Auch wenn Anna, die Tochter Gustav und Alma Mahlers, in keiner der vielen Künste, mit der sie schon als Kind und Heranwachsende in Berührung kam, reüssiert hätte, wäre es – kulturgeschichtlich gesehen – doch lohnenswert gewesen, ihre Vita nachzuzeichnen. Aber sie erlebte nicht nur als Zeitzeugin das 20. Jahrhundert, sondern entwickelte sich – trotz aller Widerstände – zu einer der führenden und eigenständigen Bildhauerinnen ihrer Generation.

Ihr Werk – bestehend aus vielen Porträtbüsten und Skulpturen – findet immer mehr Beachtung. Ein Glücksfall für die interdisziplinär orientierten Österreich-Studien, dass die Kulturwissenschaftlerin Gabriele Reiterer sich mit Leben und Werk Anna Mahlers so intensiv beschäftigt hat. Das Buch ist nicht nur packend, ja spannend erzählt, sondern auch vorzüglich recherchiert und hat wichtige Dokumente der Rezeption berücksichtigt – wie etwa Peter Stephan Jungks langes Videointerview aus dem Jahr 1987 oder den von Barbara Weidle und Ursula Seeber herausgegebenen Forschungs-Sammelband von 2004, also zum hundertsten Geburtstag der Künstlerin.

Anna Mahler erlebte in Wien noch die letzte Phase der Habsburger Monarchie. Ihr Vater zog als Dirigent und Komponist New York vor, und so verbrachte sie als Kind mit ihm viele Monate in der amerikanischen Metropole.

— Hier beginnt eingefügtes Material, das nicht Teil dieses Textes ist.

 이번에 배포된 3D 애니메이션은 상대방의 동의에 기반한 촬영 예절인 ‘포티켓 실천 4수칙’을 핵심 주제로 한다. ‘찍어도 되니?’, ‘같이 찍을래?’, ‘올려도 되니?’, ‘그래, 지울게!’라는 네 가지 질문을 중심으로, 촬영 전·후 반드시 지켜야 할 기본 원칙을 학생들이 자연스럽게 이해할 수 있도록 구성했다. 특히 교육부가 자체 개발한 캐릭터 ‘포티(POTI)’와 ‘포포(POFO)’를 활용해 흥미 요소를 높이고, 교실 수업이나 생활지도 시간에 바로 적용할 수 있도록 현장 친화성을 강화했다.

Gustav Mahler starb 1911; kurz vor ihrem 7. Geburtstag.

Mahler und ihre Mentoren

In den Zwanziger Jahren ging sie nach Berlin, Rom und Paris, lernte die Avantgarde in ihren deutschen, italienischen wie französischen Varianten kennen. Sie studierte dort Malerei, fand aber keinen rechten Zugang zu den „Modernen“. Die größte Nähe verspürte sie zu den pittura-metafisica-Bildern Giorgio de Chiricos, bei dem sie Malunterricht nahm. Der hatte sich auch einen Namen als Bildhauer gemacht, und vielleicht ist durch ihn Anna Mahlers Wende zur Skulptur zu erklären.

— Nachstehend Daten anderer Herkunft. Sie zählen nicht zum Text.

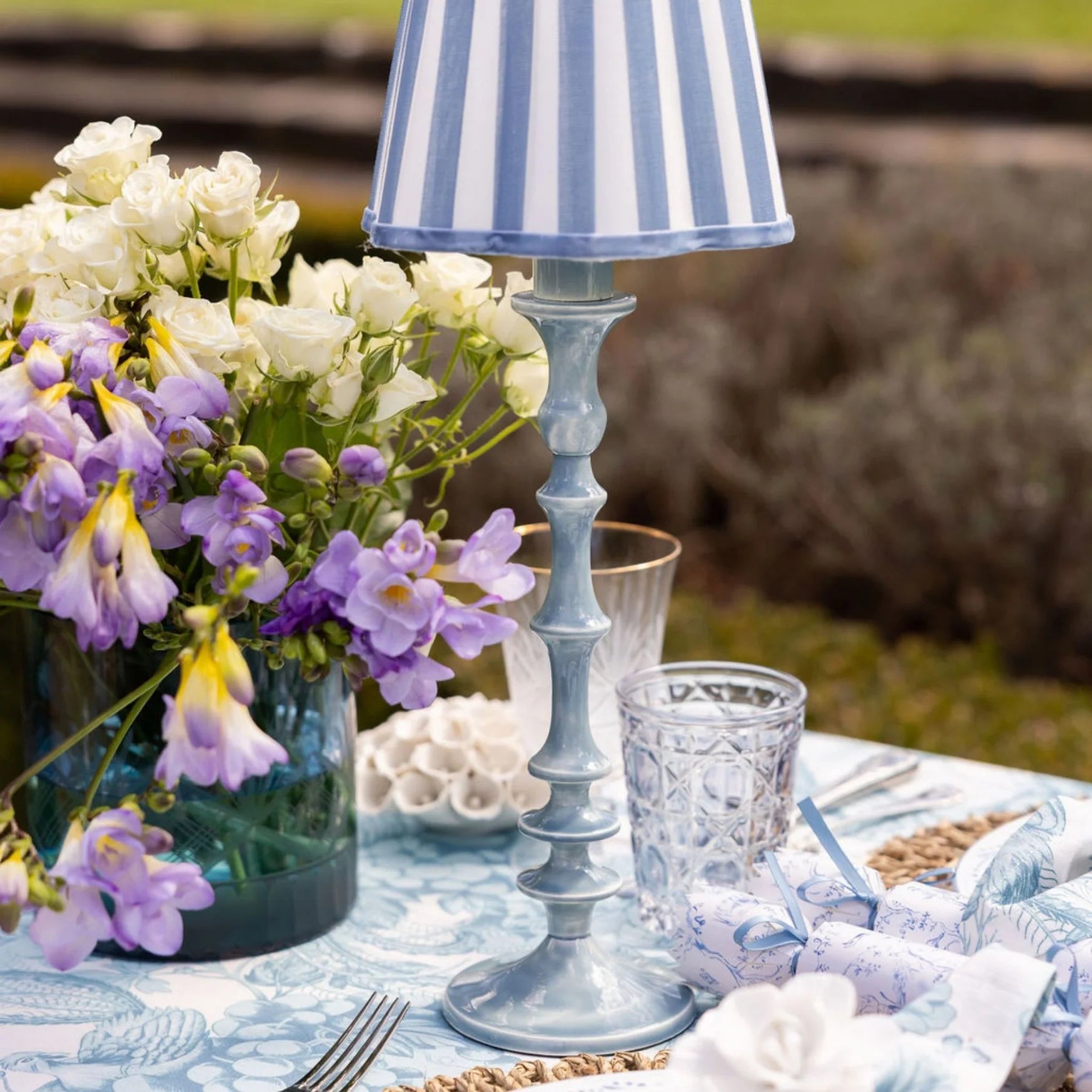 The Ocean Blue Lamp Base combines timeless elegance with everyday practicality. Crafted from durable metal but finished to emulate the refined look of ceramic, it brings a serene coastal-inspired touch to any interior. Completely cordless, it includes a rechargeable globe offering 15–20 hours of warm ambient light—perfect for bedside tables, dining spaces, consoles, and corners where power points are limited.

In Wien wählte sie zu Anfang der 1930er Jahre den Bildhauer Fritz Wotruba zum Mentor. Ihr Atelier in der Operngasse wurde zu einem stadtbekannten Künstlertreff. Dort wurde sie von vielen Verehrern umschwärmt, zu denen auch Hermann Broch und Elias Canetti gehörten. Mit ihren Freunden kam sie durchweg besser aus als mit ihren fünf Ehemännern, von denen sie sich immer nach einigen Jahren scheiden ließ.

Zu wenig abstrakt

1938 floh sie nach London, wo sie ein neues Atelier zu etablieren verstand. Von ihrer Arbeit als Bildhauerin konnte sie – gerade in Kriegszeiten - nicht leben, und so blieb es bei der unwürdigen Abhängigkeit von der finanzkräftigen Mutter. In den Nachkriegsjahren zog es sie in die USA, wo sie an der University of California at Los Angeles (UCLA) unterrichtete, doch wurde ihr nach zwei Jahren gekündigt, weil ihr Lehrstil zu unstrukturiert und ihre Ausrichtung zu wenig abstrakt sei. Die durch den amerikanischen Kunstpapst Clement Greenberg propagierte radikale Abstraktheit war ihre Sache nicht. „Ich bin kein Ismus“ betonte sie wiederholt.

Inspiriert wurde sie durch gegenständlich arbeitende moderne Bildhauer wie Rodin, Maillol, Barlach, Lehmbruck und eben Wotruba. Man könnte sagen, dass sie ihrer Zeit voraus war, denn ihre Kunstwerke sind bereits Beispiele einer Postmoderne, die für die 1980er Jahre bezeichnend war. Damals häuften sich die Aufträge und ihr Meisterwerk „Der Maskenturm“ machte sie international berühmt.

In ihrem Todesjahr 1988 wurde sie auch in Österreich entdeckt: Man arrangierte eine große Ausstellung für sie in Salzburg. Die Auswahl dafür hatte sie noch selbst treffen können, doch starb sie kurz vor dem Eröffnungstag.